Posner: One of our major findings, thanks to neuroimaging, is that there is not one single "attention," but three separate functions of attention with three separate underlying brain networks... 1) Alerting: Helps us maintain an alert state. 2) Orienting: Focuses our senses on the information we want... 3) Executive attention: Regulates a variety of networks, such as emotional responses and sensory information... Executive attention is...the ability to manage attention towards [goal-oriented executive functions], towards planning... [Later in the interview, Posner stresses that "it is clear that executive attention...(is)...critical for success in school..."]
SharpBrains: Tell us now about your recent research on attention training.
Posner: Several training programs have been successful in improving attention in normal adults and in patients suffering from different pathologies...
Let me add that we have found no ceiling for abilities such as attention, including among adults. The more training, even with normal people, the higher the results.
The topic of attention is also prominent in the Guide's interview with Dr. Daniel Gopher, a professor of cognitive psychology at the Technion, a scientist who's worked on cognitive performance programs with the Israeli military and the NBA:
SharpBrains: Please summarize your research findings...

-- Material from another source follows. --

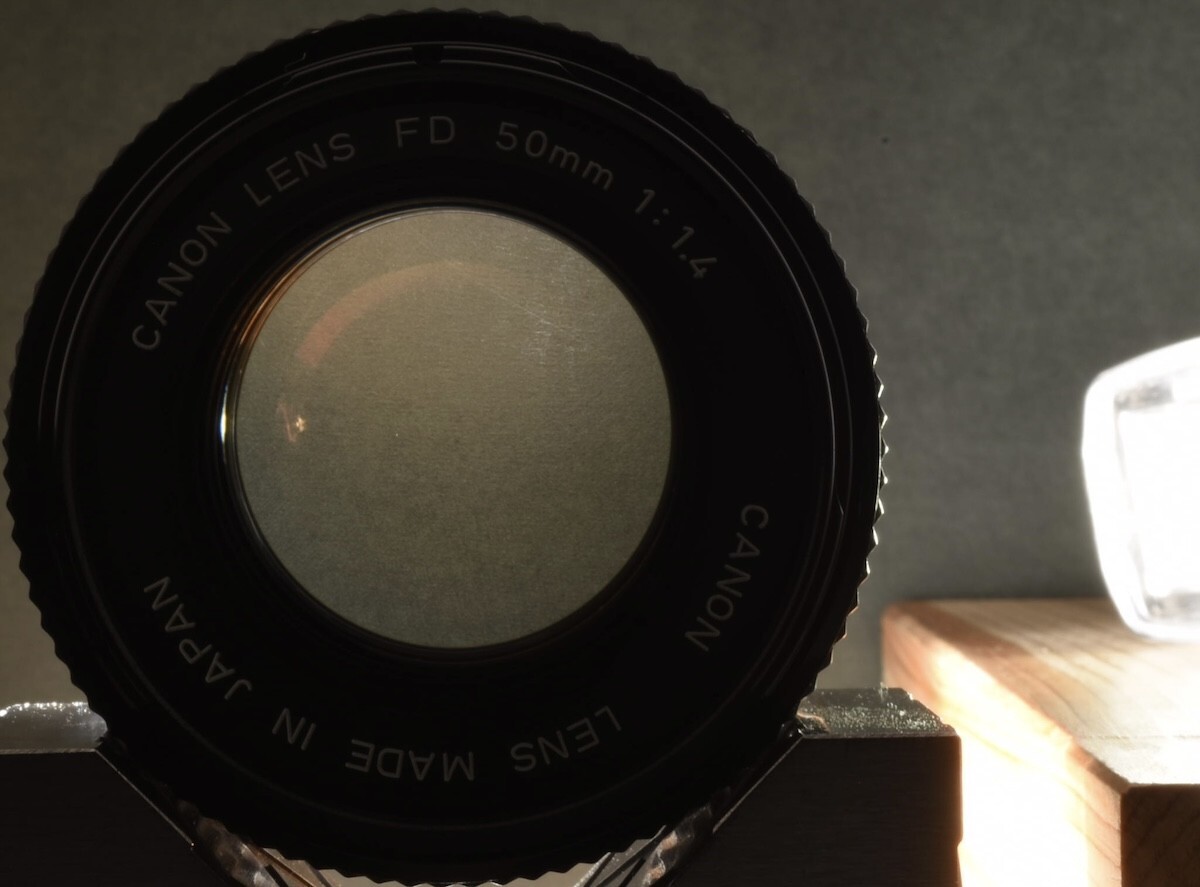 光学系:強烈なLED逆光ではオールドレンズにありがちな白い点が見られます。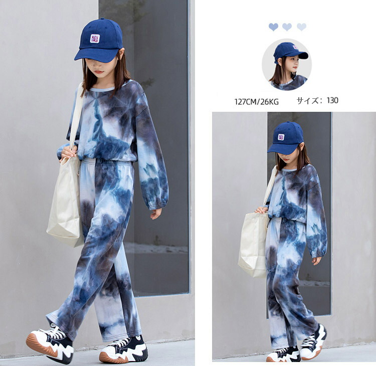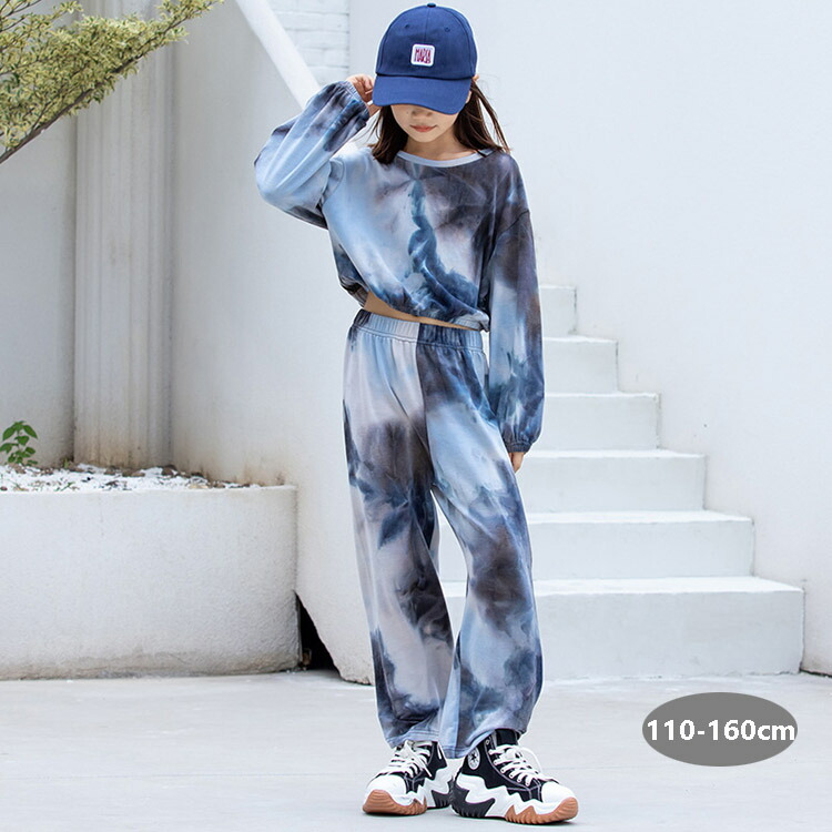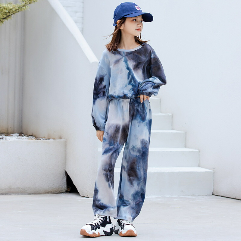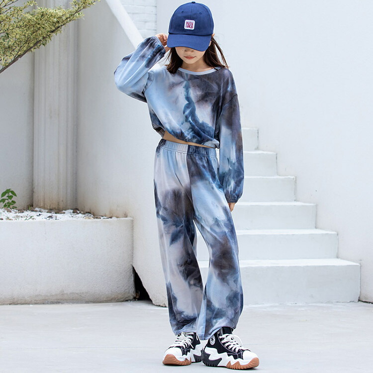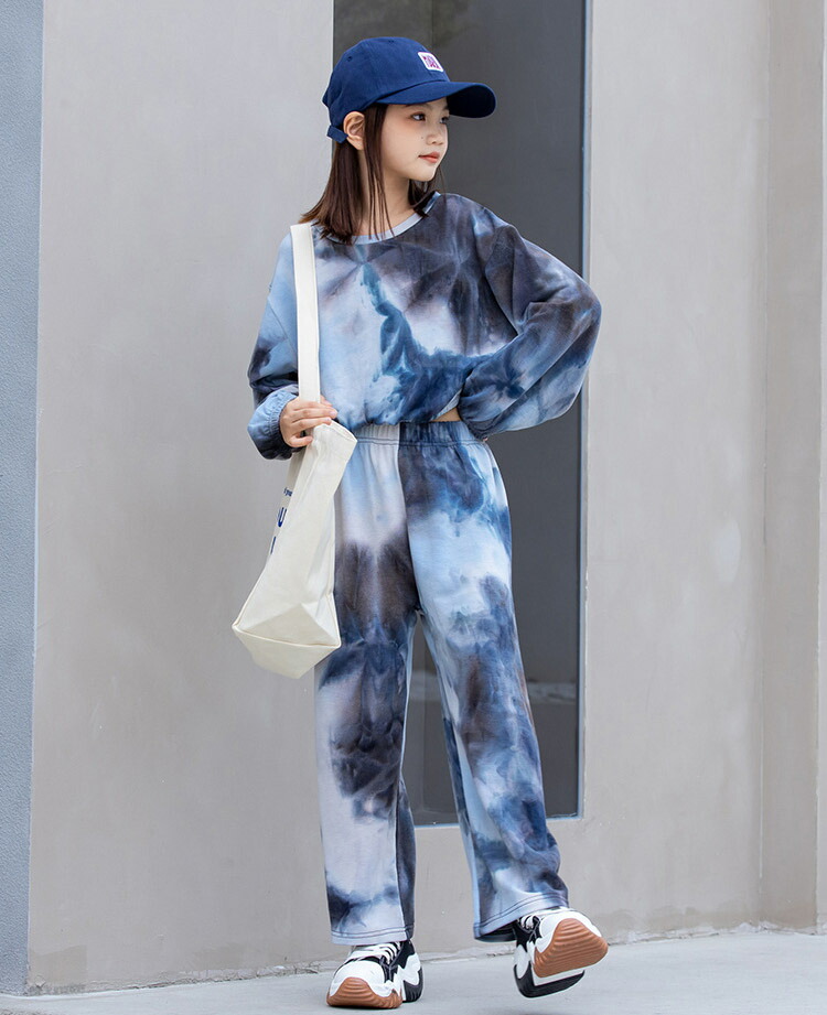 キッズダンス衣装 セットアップ ヒップホップ ダンスファッション ダンス衣装 派手 ブルー 女の子 ガールズ スーツ パンツ K-POP 韓国 演出服 舞台 ワイドパンツ 120 130 140 15

Gopher: In short, I'd summarize by saying that cognitive performance can be substantially improved with proper training. It is not rigidly constrained by innate, fixed abilities. Cognitive task analysis enables us to extract major cognitive skills in any task. Attention control and attention allocation strategies are critical determinants in performing at top level in complex, real-time decision environments. Those skills, and other associated ones, can be improved through training. Research shows that stand-alone, inexpensive PC-based training is effective to transfer and generalize performance.
In other words: 1) Attention is a complex phenomenon comprised of 3 distinct processes; 2) The specific process of executive attention and the sub-tasks of attention allocation and control are critical to success in cognitively demanding environments, and 3) Inexpensive computer training has been shown to improve attention-related cognitive performance.
So should we all be using these cognitive training tools? And if so, which ones? Well, those are the questions that SharpBrains is trying to answer, and I encourage you to check out their research. The $20 Guide is aimed at laypeople like me with a general interest in neuroscience's implications for our own fields, and their $1,300 Market Report is aimed at analysts and others with a professional interest in the "brain fitness software market" (and bigger budgets.)
Again, full disclosure: I know Alvaro Fernandez personally from business school, and he loaned me a copy of the Guide. That said, there's no way I'd ever promote a company unless I truly found their products useful, and the Guide is the best high-level overview of the "brain fitness" field I've seen.